Время от времени я наведывался в лавку, проверить, не распроданы ли селедки. Кадушка, как и прошлым летом, стояла возле дегтя, и в ней серебрились густо уложенные в ряд рыбы.
Однажды, когда мы прибежали в овражек, на месте проса желтела только стерня. Даже снопов уже не было. «А копейка?» — первое, что я подумал. На это никто не мог ответить — ни гуси, которые разгуливали уже по стерне, ни воробьи, — они поглядывали на меня искоса, ожидая, когда я начну кричать. Но я больше не кричал.
Через несколько дней был Спас — день, когда святят возле церкви яблоки, и только после этого можно их есть. Но мы не дожидались, пока их освятят, а потихоньку ели и до этого. У самой дорожки в парильню, где дед гнул ободья, росла старая яблоня, на ней родились красные, полосатые яблоки.
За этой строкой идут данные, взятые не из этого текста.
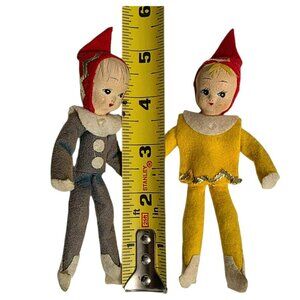 These vintage 50s-60s knee-hugger pixie elf dolls bring retro charm to any holiday display.

Мы давно уже их посбивали, а сослались на бурю.
— А куда же девались яблоки? — удивлялся отец.
— Поросята поели, поросята! — в один голос завопили мы, с животами, еще набитыми этими яблоками.
Возвращаясь из церкви, зашел дядько Иван с теткой Татьяной, она оделила нас свячеными яблоками. Но я ожидал копейки и смотрел на дядю так выразительно, что он наконец вынул кошелек.
— Хочешь расчет получить, Петько?
Я не удержался и быстрее, чем нужно, кивнул головой.
— На, парень, честно заработал!
Я был уверен, что заработал не одну только, а может быть, две, а то и три копейки. Но дядько Иван заплатил точно по условию — одну.
Спустя минуту я с тремя копейками бежал в лавку. Время было послеобеденное, и пьяные голоса наполняли воздух надсадными криками. В таком же состоянии возвращался домой и мой дед.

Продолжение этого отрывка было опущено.